• WHAT THIS TASK INVOLVES
In the copy, keep the lines from the first line of the material below through the line containing "Zirkon Taşlı Kutup" exactly as they are, and include no pictures.

• DATA FOR THIS EXERCISE
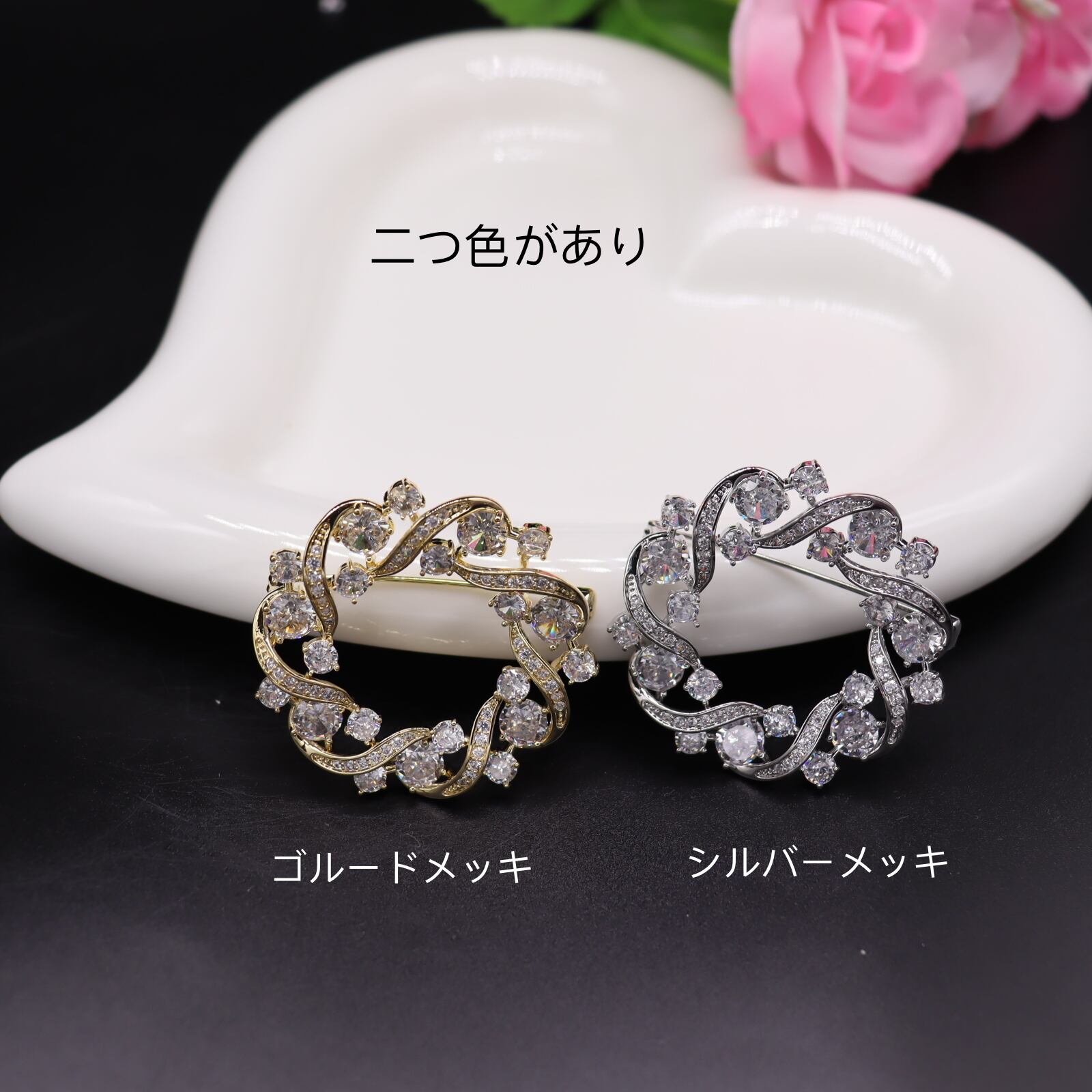★独特な美しいリボン花のデザインで、清新感アップの大人気ブローチです。華やかさとエレガントさが融合した存在感あるアイテムです。
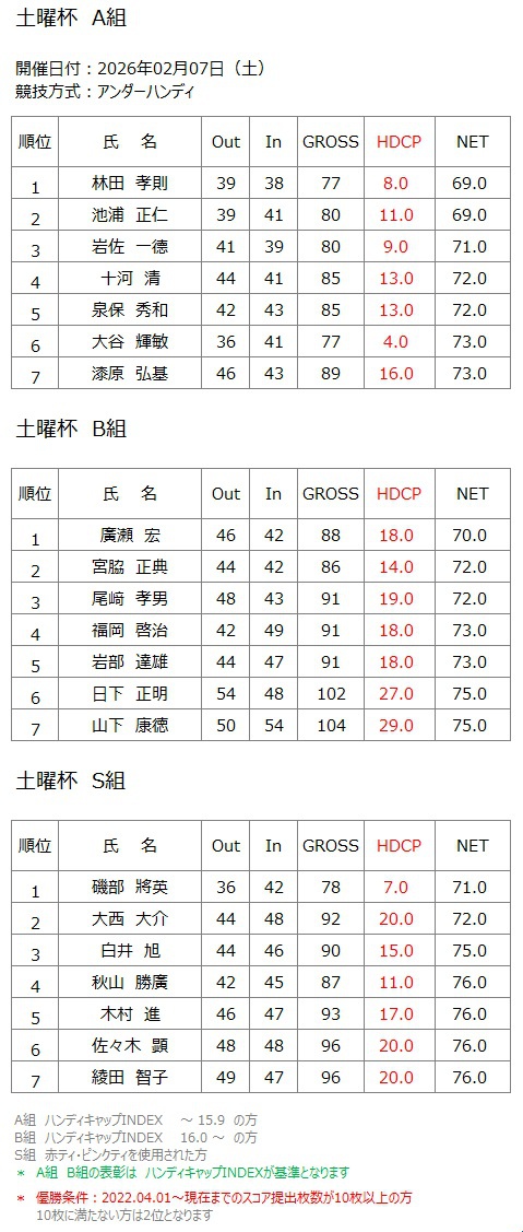 ホーム » コンペ・イベント » 2026年2月7日(土) 土曜杯
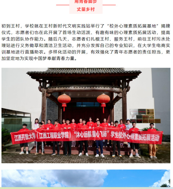6月,英国上市365官网(江西工程职业学院)“沐心飞扬”志愿者团队前往婺源县秋口镇王村开展了暑期社会实践活动,进一步整合巩固学校“乡村振兴”项目成果,引导和帮助广大青年学生在社会实践中受教育、长才干、作贡献。
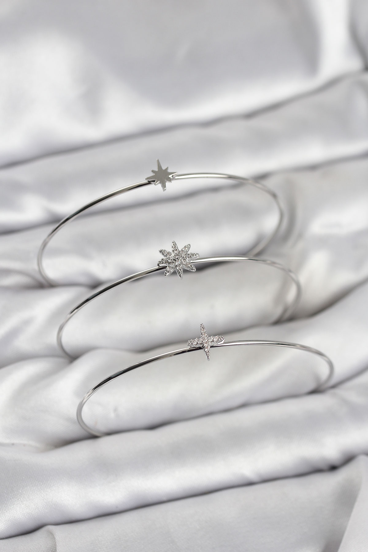 Zirkon Taşlı Kutup Yıldızı Model Gümüş Renk 3'lü Kadın Bileklik Kombini - 267746
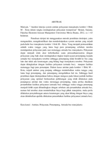 Penulisan skripsi ini menggunakan metode penelitian deskripsi, yaitu menganalisis, mengidentifikasi dan mendeskripsikan system antrian yang terjadi pada halte bus transjakarta koridor 1 blok M – Kota. Yang menjadi permasalahan adalah waktu tunggu yang lama bagi para penumpang sebelum mereka mendapatkan pelayanan pada saat menunggu armada bus transjakarta. Pelayanan dapat menjadi tolak ukur keberhasilan suatu perusashaan,karena dengan pelayanan yang baik akan meningkatkan tingkat kepercayaan penumpang kepada armada bus transjakarta tersebut sehingga penumpang tidak beralih ke bus yang lain dan tidak ada keuntungan yang hilang bagi transjakarta tersebut. Pelayanan dapat ditingkatkan dengan fasilitas pelayanan (armada bus), maupun fasilitas menunggu bagi para penumpan. Dalam kasus antrian pada koridor 1 Blok M – Kota, terjadi antrian yang panjang sehingga menimbulkan waktu tunggu yang lama bagi penumpang, dan penumpang mengeluhkan hal itu. Sehingga hasil penelitian dapat disimpulakan bahwa dengan mengacu pada lokasi jumlah fasilitas pelayanan yang optimal berdasarkan perhitungan yang telah dilakukan pada panjangnya antrian dan waktu menunggu penumpang, maka perlua diadakan penambahan fasilitas pelayanan (armada bus) sehingga waktu tunggu penumpag menjadi lebih cepat dibandingkan dengan sebelum ada penambahan armada bus, namun hal tersebut akan menimbulkan biaya bagi pihak transjakrta, maka perlu dilakukan penyimbangan antara keuntungan yang akan hilang dengan biaya yang akan ditimbulkan apabila dilakukan penambahan fasilitas pelayanan (armada bus).

• RESPONSE AREA
★独特な美しいリボン花のデザインで、清新感アップの大人気ブローチです。華やかさとエレガントさが融合した存在感あるアイテムです。
 ホーム » コンペ・イベント » 2026年2月7日(土) 土曜杯
6月,英国上市365官网(江西工程职业学院)“沐心飞扬”志愿者团队前往婺源县秋口镇王村开展了暑期社会实践活动,进一步整合巩固学校“乡村振兴”项目成果,引导和帮助广大青年学生在社会实践中受教育、长才干、作贡献。
 Zirkon Taşlı Kutup Yıldızı Model Gümüş Renk 3'lü Kadın Bileklik Kombini - 267746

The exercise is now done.